Harga bekas yang lebih rendah dapat membuat konsumen memperoleh teknologi elektrifikasi dengan dana lebih terjangkau. Namun, ada satu pemeriksaan yang tidak boleh dilewatkan: kondisi baterai.

Calon pembeli sebaiknya meminta pemeriksaan sistem hybrid, melihat riwayat servis, mengecek kondisi baterai, serta memastikan garansi baterai masih berlaku jika unit tersebut masih berada dalam masa perlindungan.

Jangan hanya terpaku pada harga jual.

Mobil hybrid bekas yang memiliki riwayat perawatan jelas dan kondisi baterai sehat bisa menjadi pilihan menarik. Sebaliknya, unit dengan riwayat servis tidak jelas berpotensi menimbulkan biaya tambahan di kemudian hari.

HEV Vs PHEV Vs REEV: Apa Bedanya?

Ketiga teknologi tersebut sama-sama menggabungkan unsur elektrifikasi, tetapi cara kerjanya berbeda.

HEV atau Hybrid Electric Vehicle menggunakan mesin bensin dan motor listrik. Baterainya diisi melalui regenerative braking dan sistem kendaraan, sehingga tidak perlu dicolokkan ke charger eksternal.

PHEV atau Plug-in Hybrid Electric Vehicle memiliki baterai lebih besar dan dapat diisi melalui sumber listrik eksternal. Dengan demikian, mobil dapat menggunakan tenaga listrik untuk jarak tertentu sebelum mesin bensin mengambil alih atau bekerja bersama sistem listrik.

Sementara REEV atau Range Extended Electric Vehicle memiliki pendekatan yang lebih dekat dengan mobil listrik. Roda terutama digerakkan motor listrik, sedangkan mesin pembakaran digunakan sebagai sumber energi tambahan untuk memperpanjang jarak tempuh.

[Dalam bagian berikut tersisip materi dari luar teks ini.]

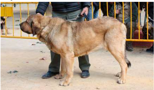
EXC - DULCINEA DEL PESEBRILLO

3 Años buena boca, cabeza muy típica y expresión, muy buenas pieles, frente aplomos y manto, excelente línea superior, angulación trasera algo abierta, movimiento muy bueno.
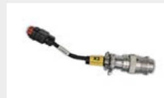
Anschlussverkabelung Adapterverkabelung, um eine Plug&Play-Verbindung mit den gängigsten Kompaktladern zu ermöglichen
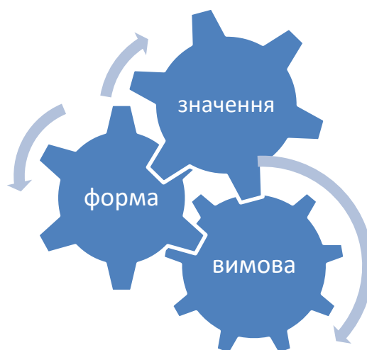
Рис. 3 Структура типу уроку MFP

Структура MFP типу уроку іноземної мови складається теж з трьох етапів. Meaning – етап пояснення значення слова, виразу чи граматичної структури шляхом використання їх у контексті. Form передає усі можливі трансформації та можливості для вживання мовної одиниці її зв'язок з іншими лексемами, колокація. Pronunciation передбачає фокусування на фонології, звуках, інтонації, наголосі, тощо (див. рис. 3).
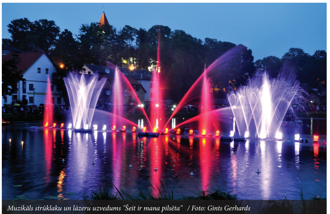
Muzikāls strūklaku un lāzeru uzvedums „Šeit ir mana pilsēta”
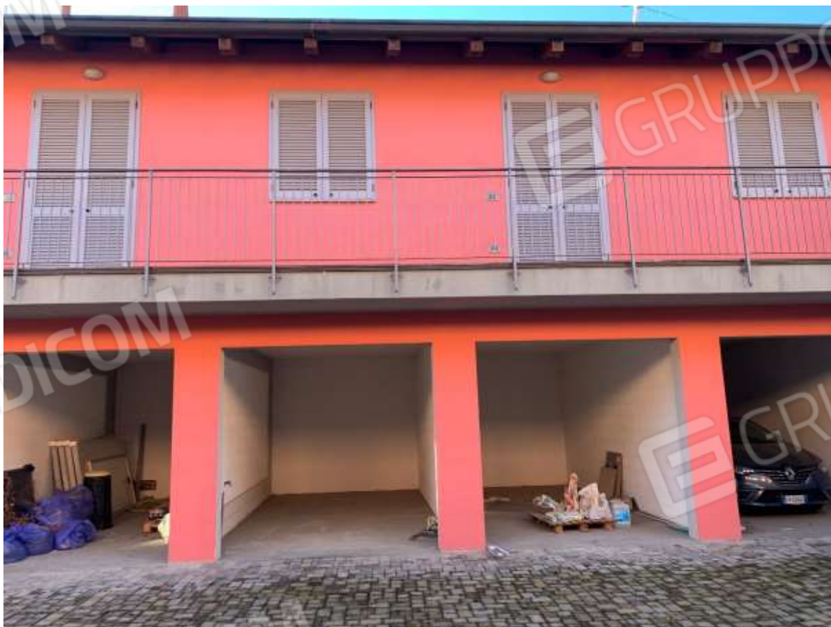
VISTA DALLA CORTE
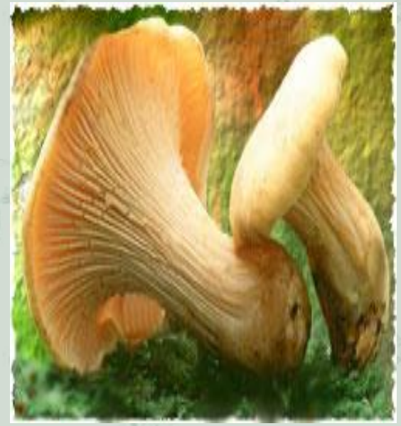
Ядовитый гриб – Ложный опенок
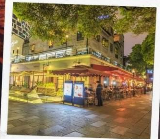
ย่านซินเทียนตี้
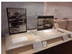
△たくみ工芸店に関する展示 (地下1階第1会場)
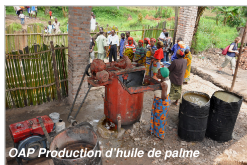
OAP Production d'huile de palme
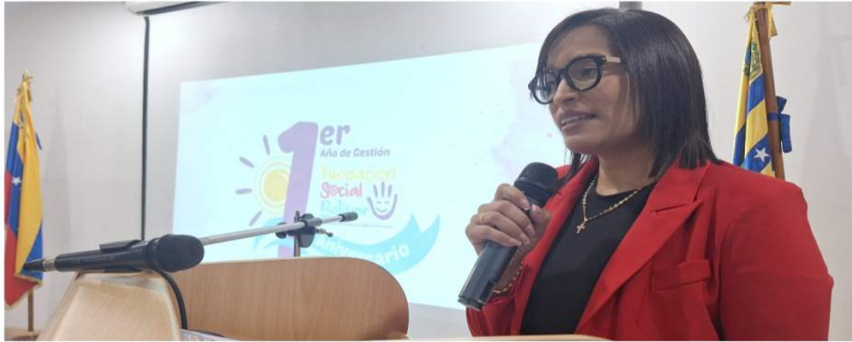
gobernadora Yulisbeth García.

Durante estos doce meses de labor ininterrumpida, la institución ha desplegado un trabajo incansable con un profundo sello de amor, orientado a la atención eficiente y oportuna de las familias más vulnerables del estado Bolívar. Esta acción se ejecuta de manera articulada con el equipo de trabajo de la
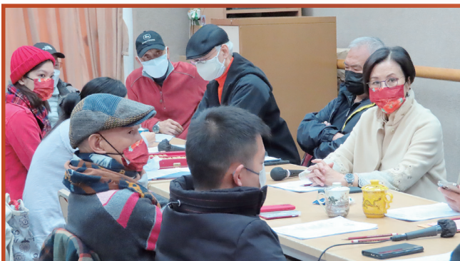
在會上如何進一步為業界爭取政府的支援
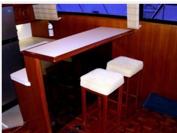
Breakfast Bar W/Two Stools
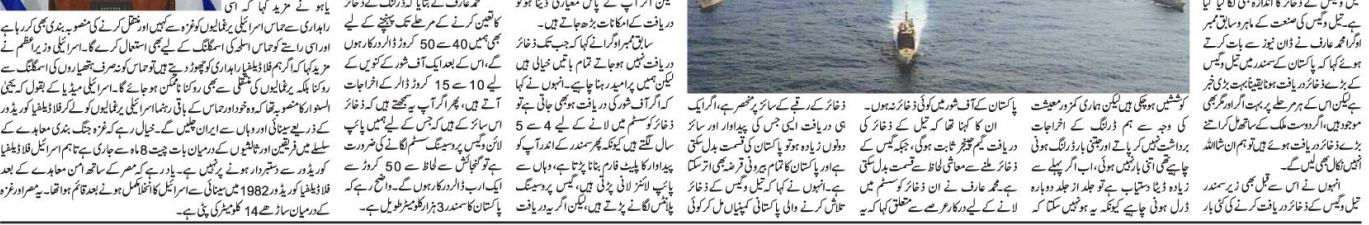
پاکستان کے سمندر میں دنیا کے چوتھے بڑے گیس اور تیل کے ذخائر کا انکشاف کیا گیا ہے۔

پاکستان کے سمندر میں دنیا کے چوتھے بڑے گیس اور تیل کے ذخائر کا انکشاف کیا گیا ہے۔ پاکستان کے سمندر میں دنیا کے چوتھے بڑے گیس اور تیل کے ذخائر کا انکشاف کیا گیا ہے۔

Kemunculan REEV di Indonesia juga mulai terlihat. Pada GIIAS 2026, iCar membawa V27 yang menggunakan teknologi REEV.

Hybrid Tidak Lagi Sekadar Pilihan Kedua

GIIAS 2026 menunjukkan satu hal penting: konsumen Indonesia kini tidak lagi hanya dihadapkan pada pilihan mobil bensin atau mobil listrik.

Teknologi hybrid berkembang menjadi salah satu pilihan utama karena menawarkan kompromi antara efisiensi, kepraktisan dan fleksibilitas.

Toyota, Daihatsu, Honda, Suzuki, MG dan berbagai merek lainnya memperlihatkan bahwa persaingan elektrifikasi akan semakin ketat. Bahkan MG ZS Hybrid+ hadir dengan harga yang membuat teknologi full hybrid mulai masuk ke wilayah harga yang sebelumnya lebih banyak diisi mobil bermesin konvensional.

Pada akhirnya, pertanyaan bukan lagi "mobil listrik atau hybrid?", melainkan "teknologi mana yang paling sesuai dengan pola berkendara?"

Untuk pengguna kota dengan akses charging memadai, EV bisa menjadi pilihan menarik. Untuk konsumen yang menginginkan efisiensi tetapi tetap sering bepergian jauh, hybrid menawarkan solusi yang lebih fleksibel.

Dan melihat perkembangan pasar sepanjang 2026, hybrid tampaknya belum siap menyerahkan panggung kepada mobil listrik.